● TASK REQUIREMENTS: Of the lines listed below, return exactly those that run from the line containing "شرح کلی نیاز: خرید" through the line containing "O slackline é", both included.

● RECORDS FOR THIS TASK:
++++++++
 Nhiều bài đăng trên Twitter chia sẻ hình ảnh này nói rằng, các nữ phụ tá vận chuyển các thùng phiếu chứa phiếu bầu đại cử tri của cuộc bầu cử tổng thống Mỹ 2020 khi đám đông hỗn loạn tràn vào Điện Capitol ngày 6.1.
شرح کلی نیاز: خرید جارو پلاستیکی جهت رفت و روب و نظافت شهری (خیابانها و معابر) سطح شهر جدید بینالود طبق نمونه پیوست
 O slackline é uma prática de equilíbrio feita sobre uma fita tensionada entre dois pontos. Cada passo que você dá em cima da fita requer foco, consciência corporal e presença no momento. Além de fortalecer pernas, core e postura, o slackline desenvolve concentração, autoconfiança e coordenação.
++++++++
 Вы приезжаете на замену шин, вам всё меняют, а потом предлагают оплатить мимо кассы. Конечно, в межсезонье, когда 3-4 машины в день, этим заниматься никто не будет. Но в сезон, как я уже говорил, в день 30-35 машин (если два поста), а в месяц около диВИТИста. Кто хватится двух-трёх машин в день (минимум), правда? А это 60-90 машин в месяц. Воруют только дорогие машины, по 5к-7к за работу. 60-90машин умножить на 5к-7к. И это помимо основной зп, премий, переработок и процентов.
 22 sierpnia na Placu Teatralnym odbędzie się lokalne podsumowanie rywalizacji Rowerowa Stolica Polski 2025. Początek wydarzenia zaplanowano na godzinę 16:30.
++++++++
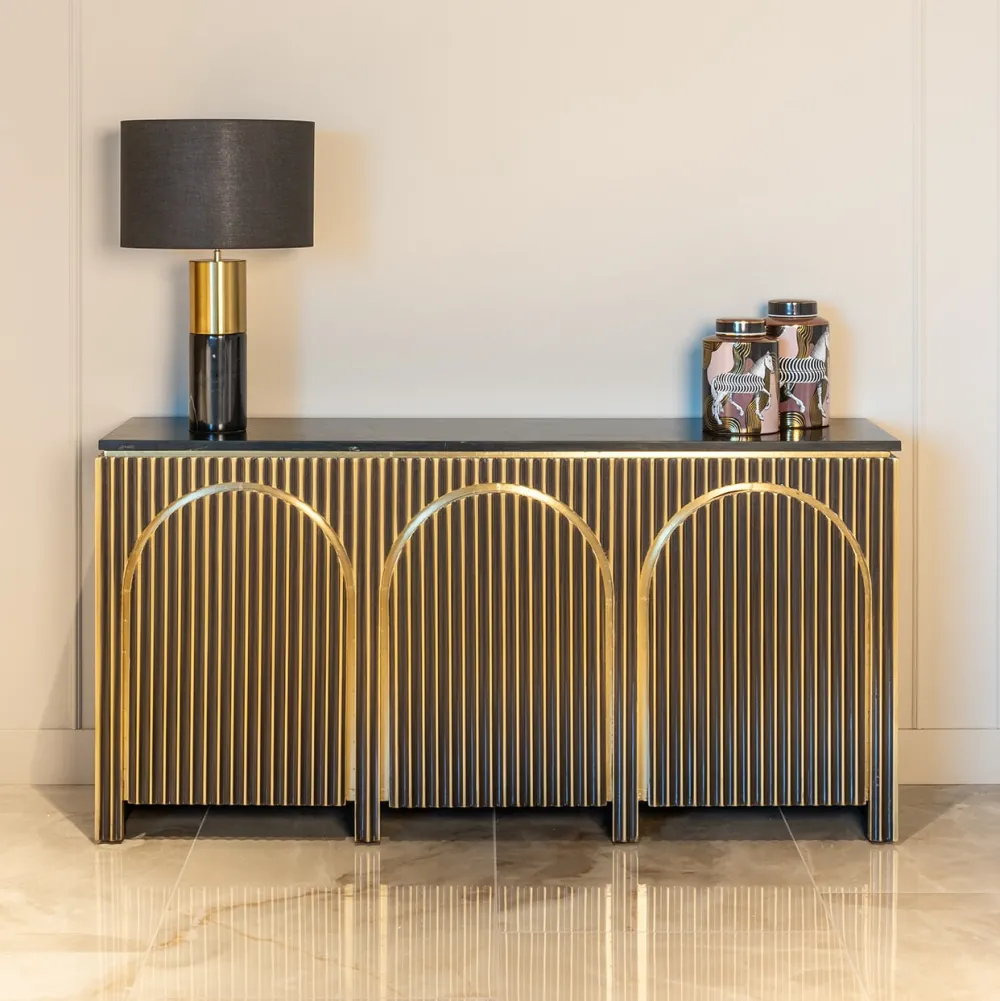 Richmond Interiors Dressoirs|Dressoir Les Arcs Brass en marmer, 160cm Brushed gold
++++++++
● EXPECTED ANSWER:
شرح کلی نیاز: خرید جارو پلاستیکی جهت رفت و روب و نظافت شهری (خیابانها و معابر) سطح شهر جدید بینالود طبق نمونه پیوست
 O slackline é uma prática de equilíbrio feita sobre uma fita tensionada entre dois pontos. Cada passo que você dá em cima da fita requer foco, consciência corporal e presença no momento. Além de fortalecer pernas, core e postura, o slackline desenvolve concentração, autoconfiança e coordenação.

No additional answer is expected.